Munga makes no apologies for going straight into gangster territory. "I don't go simply for action. I take action, I take the genre film, the gangster movie, as a vehicle to get closer to reality.

"Also, we have to be honest," Munga said, breaking with the African custom of speaking politely about one's elders, "I think all these filmmakers who have created the image of African cinema, among them Ousmane Sembene [the celebrated Senegalese art film director, 1923-2007], they have failed to reach out to the audience, to the African audience. They have failed to create a bond.

"The Nigerians did," added Munga, citing the no-budget Nollywood industry in Africa's most populous country. "Bad movies, bad storytelling, but what they have achieved is they have represented on screen a fantasy or an imagery of Africa that Africans have about themselves.

"That's quite an achievement, since the others in west Africa went directly to the complex auteur thing. With the complex thing, the African audiences didn't get it, which is sad.
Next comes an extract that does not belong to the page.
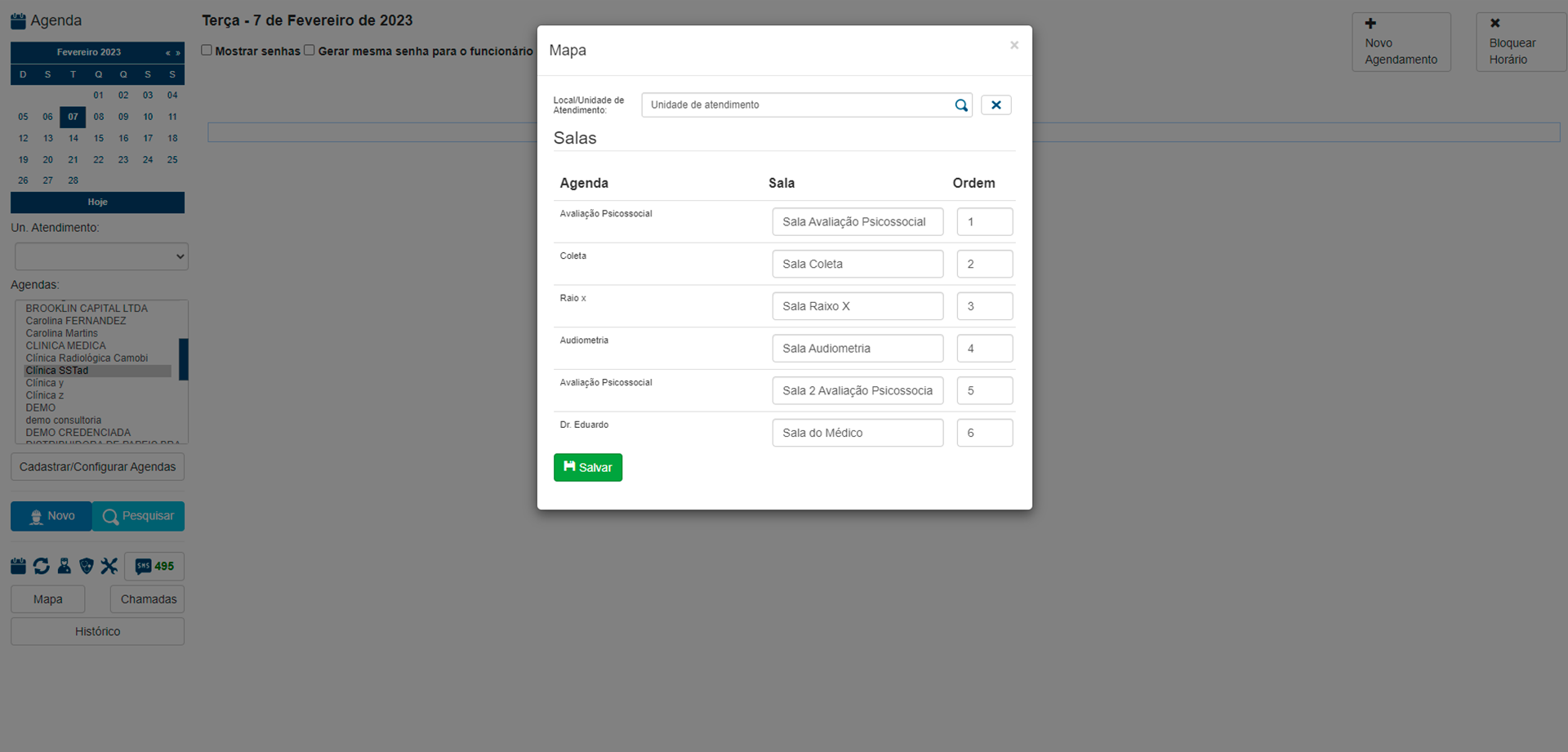 Para editar o mapa da clínica, definido por agendas/salas de atendimento, selecione a unidade e configure a sequência de exames ou procedimentos que serão realizados. Também é preciso determinar a sala e o horário dos atendimentos.
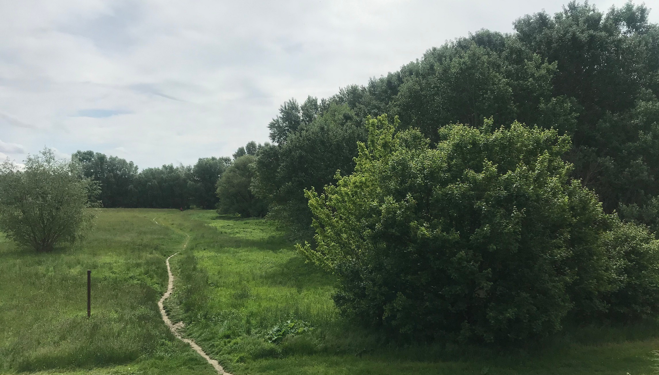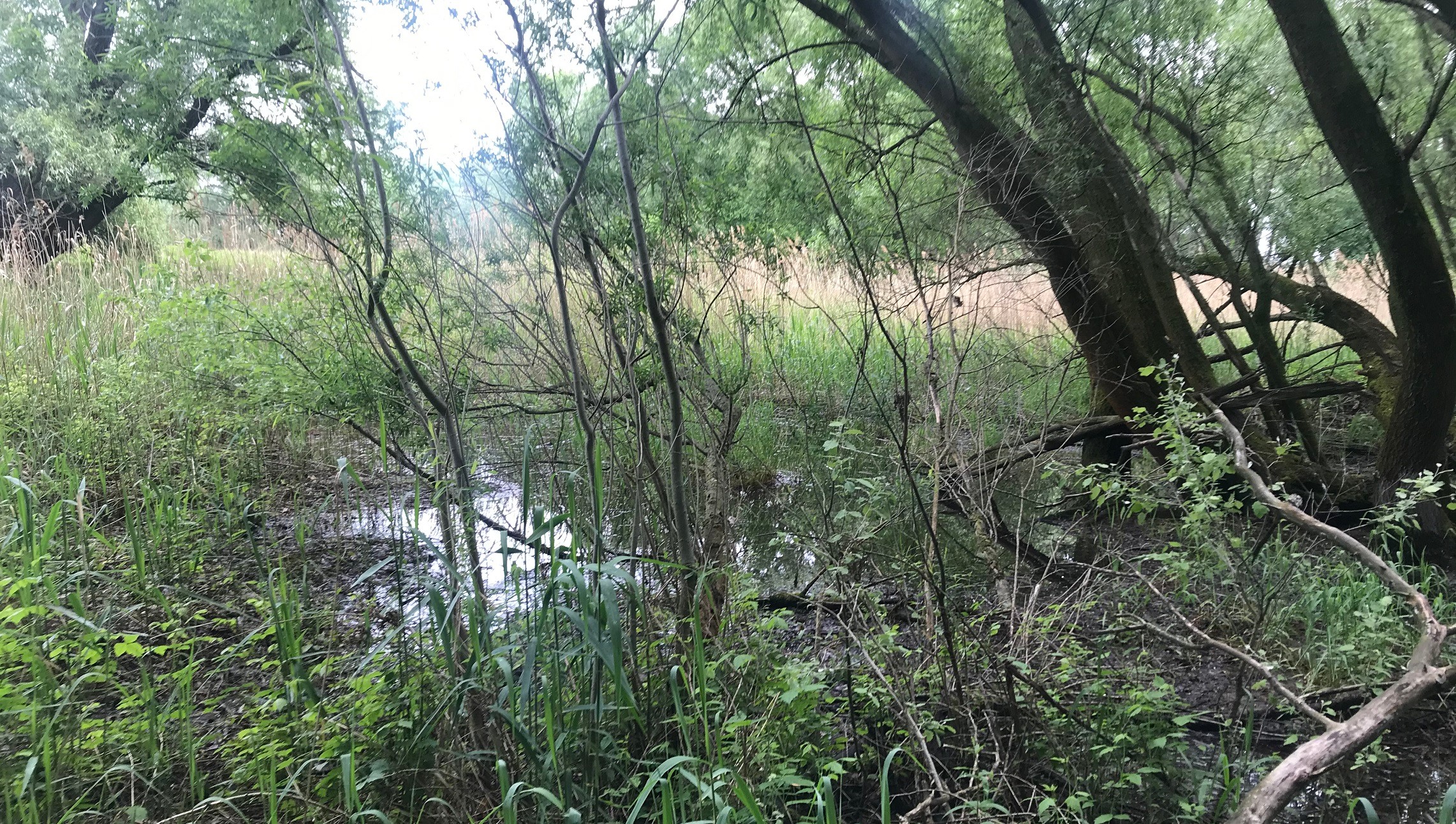 V petržalskom Ovsišti za Ekonomickou univerzitou už jedna lokalita svieti načerveno. A tak sme začali tam. Prechádzame hrádzu presne na mieste, kde pod ňou neďaleko jazdiarne parkujú autá. Linda ukáže na les vpravo a mne sa nechce veriť, že v ňom môže byť nejaká mokraď. Cestu nepozná ani Linda, ktorá smeruje k tomuto liahnisku prvý raz, a tak sa brodíme cez žihľavu. „V Pečnianskom lese je to na niektorých miestach oveľa horšie. Tam je to také zarastené, žeby ste potrebovali aj mačetu,“ hovorí, keď konštatujem, že som si mala zobrať gumáky.

I've tried to achieve a combination of both in Viva Riva!, and the critics in Africa have supported the film, and the audience has reacted positively."

Critics have praised performances from Viva Riva!'s cast - the musician Patsha Bay Mukuna in the title role of Riva the smuggler, the newcomer Manie Malone as the night club diva Nora, and the Angolan actor Hoji Fortuna as a vindictive crime boss.

Fortuna, now based in New York, was Viva Riva!'s only professional actor, although Malone is studying acting in Paris. Born to a mother from Ivory Coast and a father from Paris, Malone came to Kinshasa to shoot the film after leaving Africa at the age of three. Having learnt to speak Lingala there, she left Congo ready for more challenges. "My first movie was with arms and guns around me on the set. So I've had this experience," she declared in English that is still a work in progress, "I am not afraid of nothing."

For a film fraught with the logistics of working in a developing country at war, Viva Riva! was not made on the cheap. Munga's total budget was €1.8 million (Dh9.5m), which came from Studio Canal + in Paris, with additional funds from the European Union and the Belgian government.

Optimists eager for a new wave to rise in Congo and elsewhere in Africa predict that the challenges of filming could help build a generation of tough, resilient filmmakers. They note that African cinema's overlap with music in its talent and its potential global reach is a crucial asset.

Yet in Congo today, a country of 71 million people, there are no cinemas, which means that pirating is inevitable, giving a director an audience, but not an income. "We have to create a market and a circuit for showing films which would enable filmmakers to stay in Africa," said Munga.

Sounding like a character from Viva Riva!, the director said he won't wait for multiplexes to open in Kinshasa before he makes another movie: "For me the priority is first to make films. Before watching them, you have to have films."